I’ve copied the “Near Synonyms” code again below. Modify the word sets by picking two near synonym adjectives of your own choosing (try to think of some relatively common words so that there is enough data). Run all of the code and see whether the results turn up anything interesting.
wset <- c("big", "large")
temp <- bnc |>
filter(!is.na(hw)) |>
mutate(hw_prev = lag(hw)) |>
filter(pos == "SUBST") |> # only look at nouns
filter(hw_prev %in% wset) |>
group_by(hw, hw_prev) |>
summarize(n = n()) |>
ungroup() |>
pivot_wider(names_from = "hw_prev", values_from = "n", values_fill = 0)
temp$total <- temp[[2]] + temp[[3]]
temp <- temp[(temp[[2]] > 0) & (temp[[3]] > 0),]
temp <- arrange(temp, desc(total))
temp
## # A tibble: 150 × 4
## hw large big total
## <chr> <int> <int> <int>
## 1 number 200 1 201
## 2 part 51 8 59
## 3 company 43 10 53
## 4 scale 33 1 34
## 5 problem 7 21 28
## 6 city 13 13 26
## 7 firm 19 7 26
## 8 fish 2 23 25
## 9 man 5 20 25
## 10 sum 24 1 25
## # ℹ 140 more rows
The G-scores (should not have to change anything here):
df <- tibble(
word = temp$hw[seq(1, min(50, nrow(temp)))],
category = NA,
gscore = NA,
pvalue = NA
)
for (j in seq_along(df$word))
{
w <- temp$hw[j]
# create the observed counts
x11 <- sum(bnc$hw == w & lag(bnc$hw) == wset[1], na.rm=TRUE)

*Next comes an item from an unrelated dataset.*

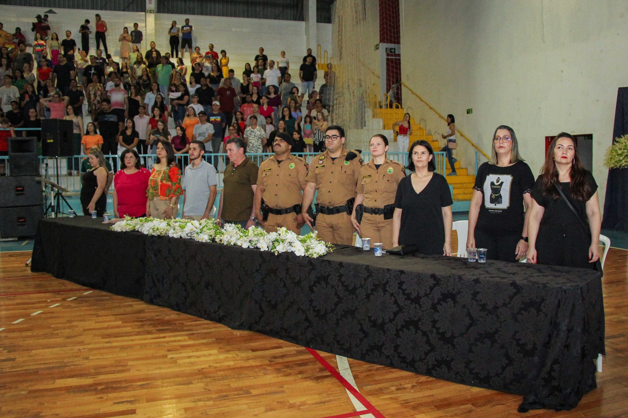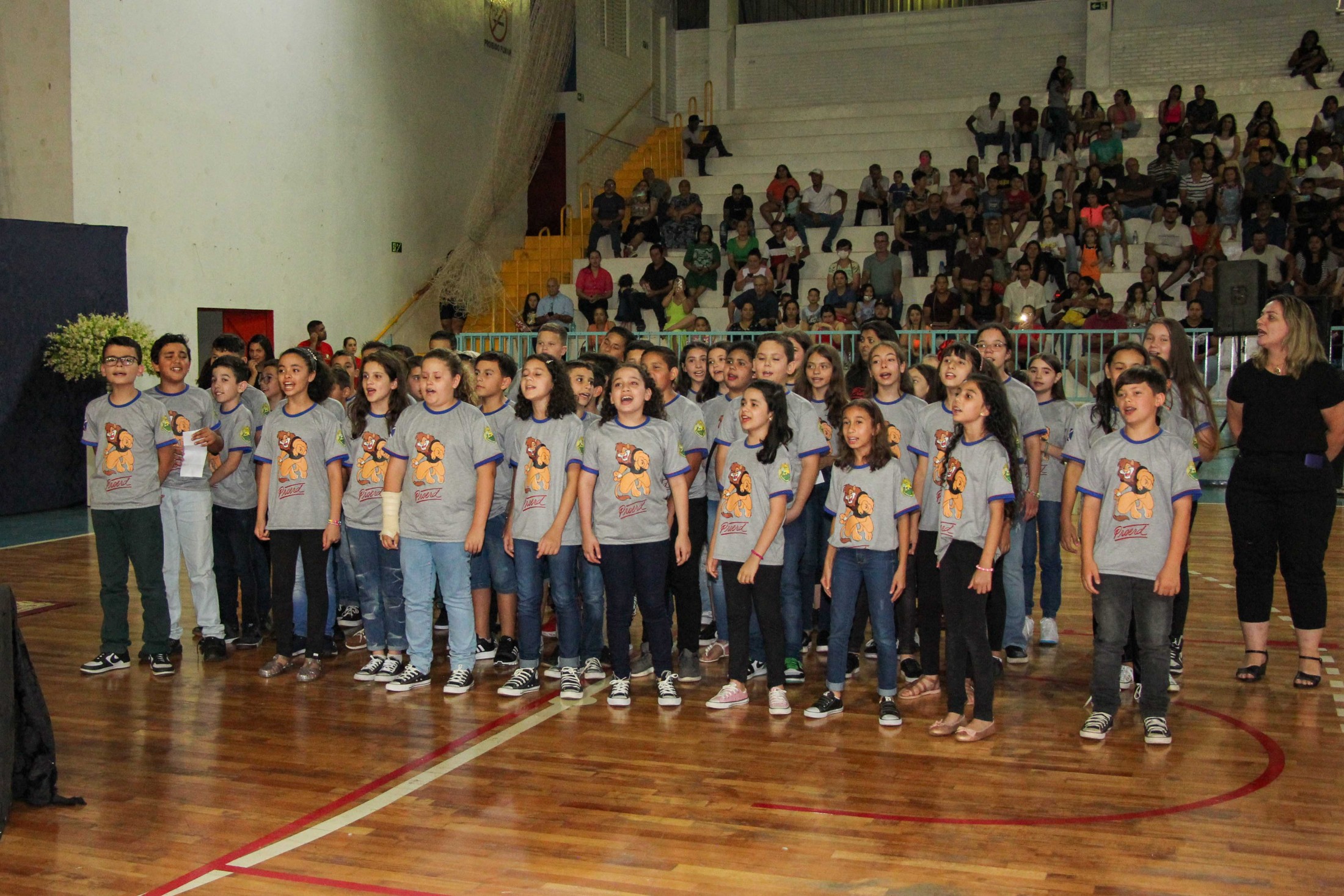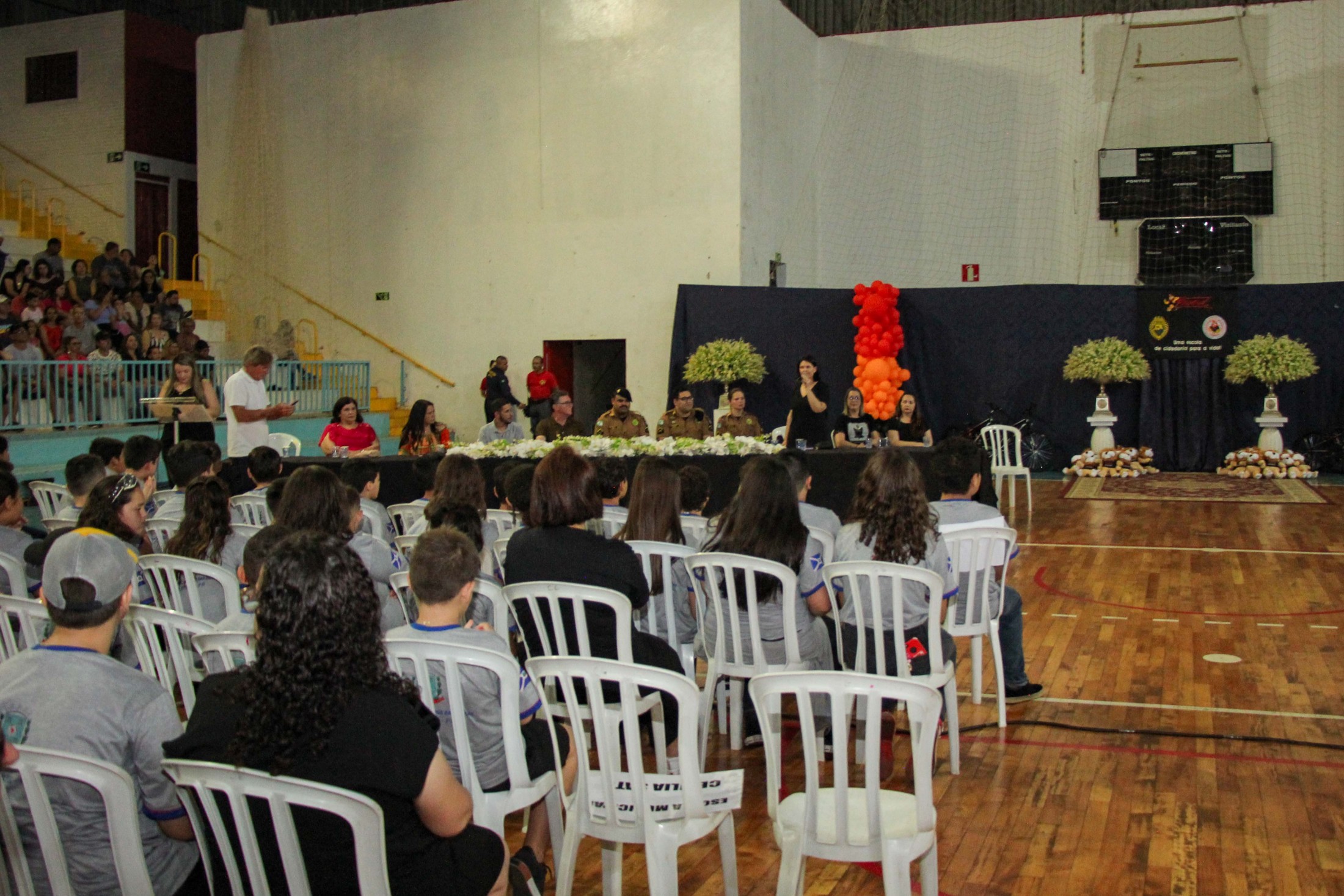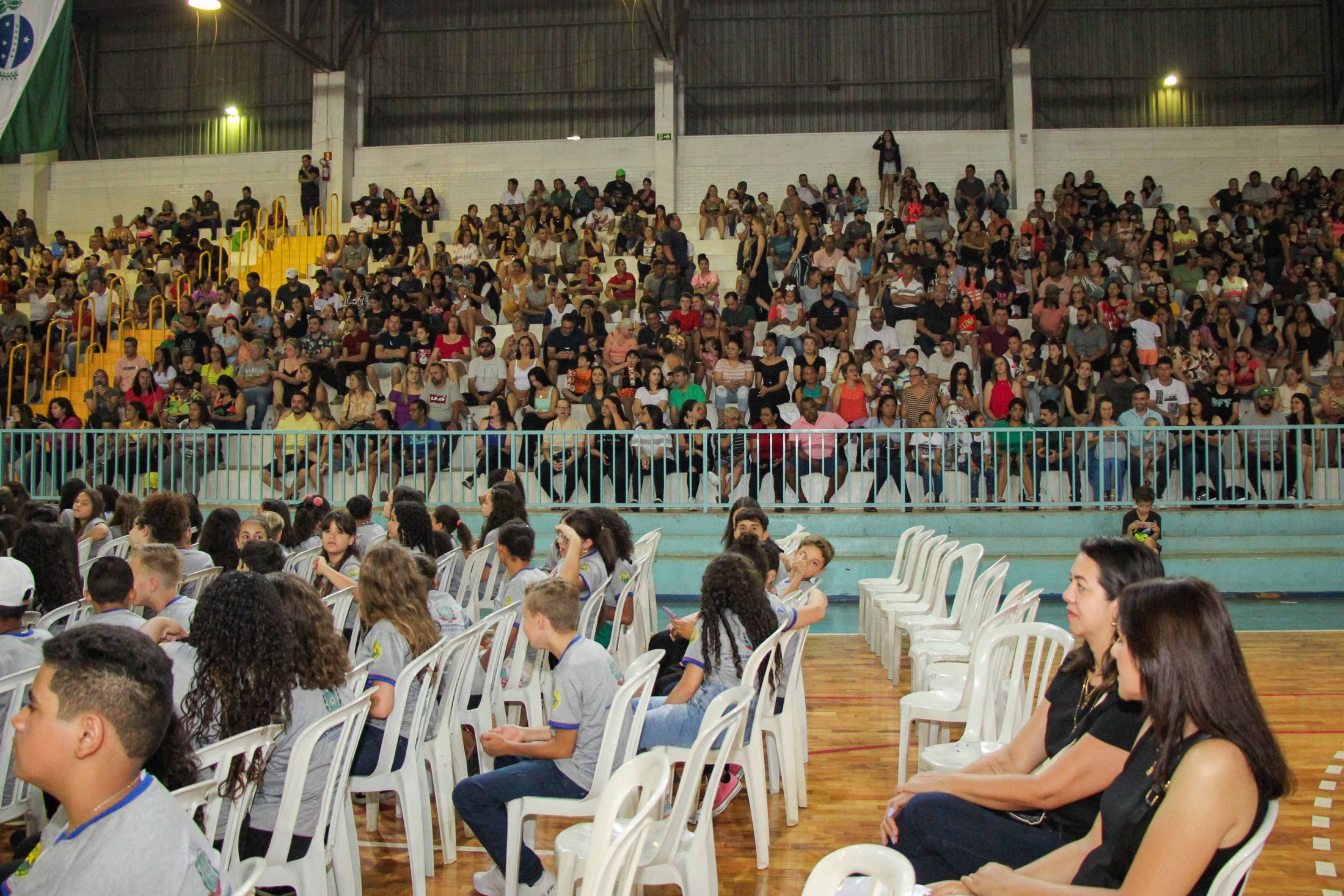 Emoção e alegria marcaram a solenidade de formatura do Programa Educacional de Resistência às Drogas e à Violência – Proerd, realizada na noite da última quinta-feira (10), no Ginásio de Esportes Tancredo Neves (Tancredão). O evento reuniu cerca de 3 mil pessoas, entre autoridades, militares, profissionais da educação, familiares e, aproximadamente, 670 estudantes do 5º ano do Ensino Fundamental, das 13 escolas da rede municipal de ensino, participantes do programa.

x12 <- sum(bnc$hw == w & lag(bnc$hw) == wset[2], na.rm=TRUE)
x21 <- sum(bnc$hw != w & lag(bnc$hw) == wset[1], na.rm=TRUE)
x22 <- sum(bnc$hw != w & lag(bnc$hw) == wset[2], na.rm=TRUE)
xtab <- matrix(c(x11, x12, x21, x22), ncol = 2, byrow = TRUE)
# create expected counts
rsum <- apply(xtab, 1, sum)
csum <- apply(xtab, 2, sum)
ecount <- rsum[row(xtab)] * csum[col(xtab)] / sum(xtab)
ecount <- matrix(ecount, ncol = 2)
# find dom. category, g-score, p-value
df$category[j] <- if_else(xtab[1] > ecount[1], wset[1], wset[2])
df$gscore[j] <- -2 * sum( xtab * log(ecount / xtab))
df$pvalue[j] <- 1 - pchisq(df$gscore[j], df = 1)
}
df <- filter(df, !is.na(pvalue))
Here are the words most highly associated with your first term:
## # A tibble: 28 × 4
## word category gscore pvalue
## <chr> <chr> <dbl> <dbl>
## 1 fish big 31.0 0.0000000254
## 2 business big 21.5 0.00000353
## 3 man big 17.3 0.0000318
## 4 problem big 14.7 0.000126
## 5 one big 14.5 0.000140
## 6 star big 12.9 0.000322
## 7 stage big 9.63 0.00192
## 8 boot big 8.01 0.00464
## 9 question big 6.90 0.00863
## 10 prize big 6.43 0.0112
## # ℹ 18 more rows
And those most associated with your second term:
## # A tibble: 22 × 4
## word category gscore pvalue
## <chr> <chr> <dbl> <dbl>
## 1 number large 196. 0
## 2 scale large 26.1 0.000000324
## 3 part large 19.5 0.0000103
## 4 sum large 17.6 0.0000270
## 5 group large 15.8 0.0000715
## 6 size large 10.3 0.00130
## 7 company large 9.94 0.00162
## 8 measure large 7.72 0.00547
## 9 corporation large 7.24 0.00712
## 10 family large 5.75 0.0165
## # ℹ 12 more rows
If you have time and the counts are small or the results are not very interesting, try to think of some different pairs of words.